◆ PROBLEM STATEMENT:
I'd like the listing below copied exactly, with the images left out.

◆ DATA:
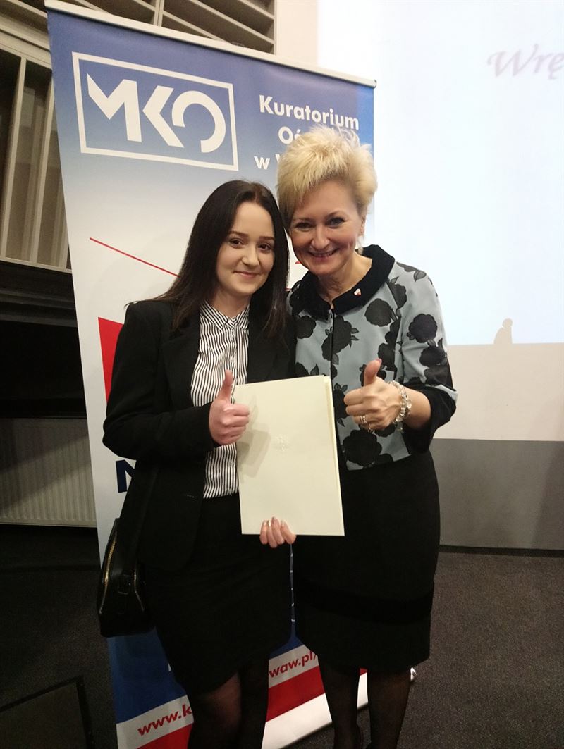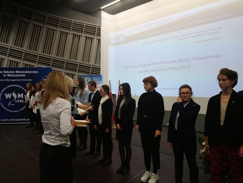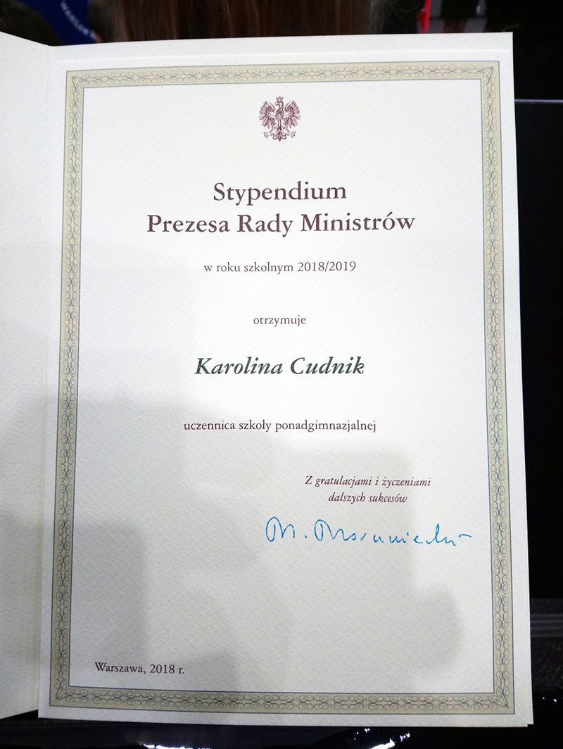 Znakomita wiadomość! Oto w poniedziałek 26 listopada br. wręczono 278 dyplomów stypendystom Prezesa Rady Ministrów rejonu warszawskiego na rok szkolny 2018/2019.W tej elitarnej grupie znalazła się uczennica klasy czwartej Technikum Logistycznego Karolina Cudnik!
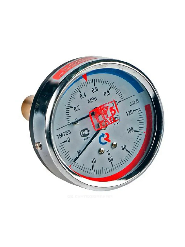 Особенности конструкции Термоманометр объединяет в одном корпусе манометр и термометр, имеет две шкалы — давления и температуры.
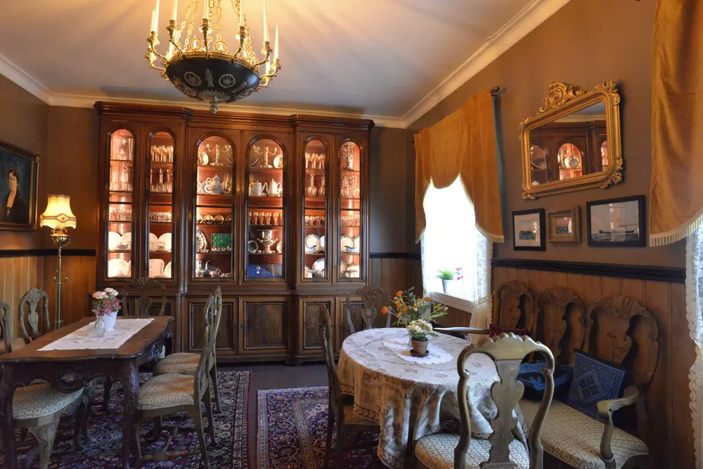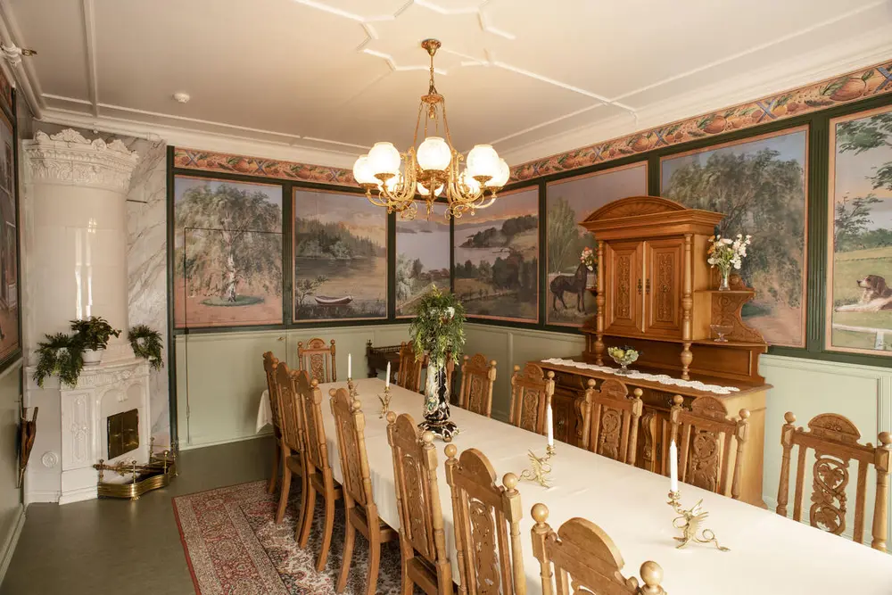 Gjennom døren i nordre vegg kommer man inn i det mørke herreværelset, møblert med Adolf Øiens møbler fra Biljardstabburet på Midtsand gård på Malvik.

◆ OUTPUT FOR THIS EXERCISE:
 Znakomita wiadomość! Oto w poniedziałek 26 listopada br. wręczono 278 dyplomów stypendystom Prezesa Rady Ministrów rejonu warszawskiego na rok szkolny 2018/2019.W tej elitarnej grupie znalazła się uczennica klasy czwartej Technikum Logistycznego Karolina Cudnik!
 Особенности конструкции Термоманометр объединяет в одном корпусе манометр и термометр, имеет две шкалы — давления и температуры.
 Gjennom døren i nordre vegg kommer man inn i det mørke herreværelset, møblert med Adolf Øiens møbler fra Biljardstabburet på Midtsand gård på Malvik.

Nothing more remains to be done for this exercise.